On needing a new line of work

I need to declare it now and stick by it forever.

This will be the last year I write any C code.

Let’s go on a rant here.

Software programmers are assholes, generally, to some degree. They’re also very arrogant and stubborn. They believe that their way is best, usually to the detriment of whatever team they are on. These kinds of programmers don’t believe in using the best tool for the job; they believe in using the tool they like.

I let a programmer at the firm I contract for tell me to switch from using the best tool for the job, to a tool that is just wasting a shitload of my time and making things much more complicated than they should be for me.

Not only did said person tell me how to do my job, which is against the law (I’m a 1099 contractor and cannot be directly told how to accomplish the tasks given to me, otherwise I become classified an employee,) but they did so after I’d already done the work in another tool. That means that I get to bill twice for the same work, which is an up side. The down side, though, is that if I have to write any more C, I’m going to kill myself. It’s got to be the absolute furthest away from anything I’d consider wanting to do. I am very high level. I like to think up in the clouds, do things visually, and not get bogged down in tedium. If I spend more than five minutes trying to do something, I feel like it’s taking forever.

Let’s give an example for the non-coders out there of how C runs counter to the way I like to operate.

Text like you’re reading now is called a “string” in programming jargon. It’s a “string” of characters, which is where the name comes from. One thing that’s very common in programming is putting one of these “strings” together with another. Like, let’s say I have the word “dog”, and I want to append the word “good” and a space before it, so that it reads “good dog”. In a high level programming language, it would look a bit like this.

string noun;
string adjective;
string compliment;

noun="dog";
adjective="good";

compliment = adjective + " " + noun;

Now you’ve got the noun, and the adjective you want to modify the noun with, and you want to put them together to form a compliment. So you take your adjective, and add it together with a space and the noun. Bam. Now the string “compliment” says “good dog”.

Let’s do it in C.

char* noun;
char* adjective;
char* compliment;
int complimentBufSize;

noun=malloc((sizeof(char)*3)+1);
if(noun==0) return false; // out of memory
adjective=malloc((sizeof(char)*4)+1);
if(adjective==0) return false; // out of memory

strcpy(noun,"dog");
strcpy(adjective,"good");

complimentBufSize=(sizeof(char)*(strlen(noun)+strlen(adjective)))+2;
compliment=malloc(complimentBufSize);
if(compliment==0) return false; // out of memory
_snprintf(compliment,complimentBufSize,"%s %s",adjective,noun);

free(noun);
free(adjective);
free(compliment);

YES! THATS WHAT I’M TALKING ABOUT! SO MUCH WORK FOR NO FUCKING REASON!
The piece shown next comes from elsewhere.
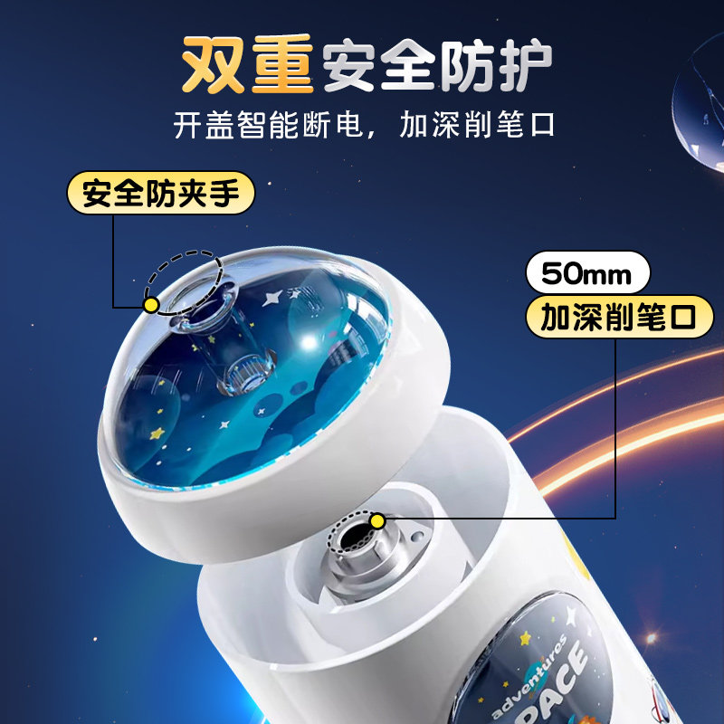 晨光大口径全自动削笔器银河小旋星小学生专用电动充电转笔刀男孩女孩进削笔机幼儿园儿童粗杆三角铅笔卷笔刀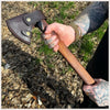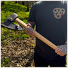 Freyja's Battle Axe has been beautifully crafted using the highest-quality materials. The head is forged from carbon steel to achieve the iconic "bearded" shape associated with the Vikings. The "beard" has been forged shorter than typical and features an elongated "point" - which is ideal for "thrusting" the axe in close quarters, whilst remaining light enough to throw when needed.

Look, I can see why you’d want to do all that shit once in awhile. But not for stupid little fucking programs. There’s no reason anymore, really. None except pointless, menial arguments like “reducing memory bloat” and “lowering dependencies”. Fuck. Screw that. Everything’s dependent on something. This is fucking 2005. Computers are so goddamned complicated. Look in C:\WINNT\SYSTEM32 once in a fucking while. See all those .dll files? Zillions of them. They are all required by something. Your program is no different. Just because your dependencies ship with Windows, doesn’t mean you aren’t dependent on them. Your low-bloat, low-dependency program that in reality requires kernel32.dll, shell32.dll, advapi.dll, user32.dll, gdi.dll, mfc42.dll, and innumerable other libraries is not going to suddenly become shitty when it also requires mscorlib.dll and System.Windows.Forms.dll. Get real.

And that’s today’s angry rant that nobody will read.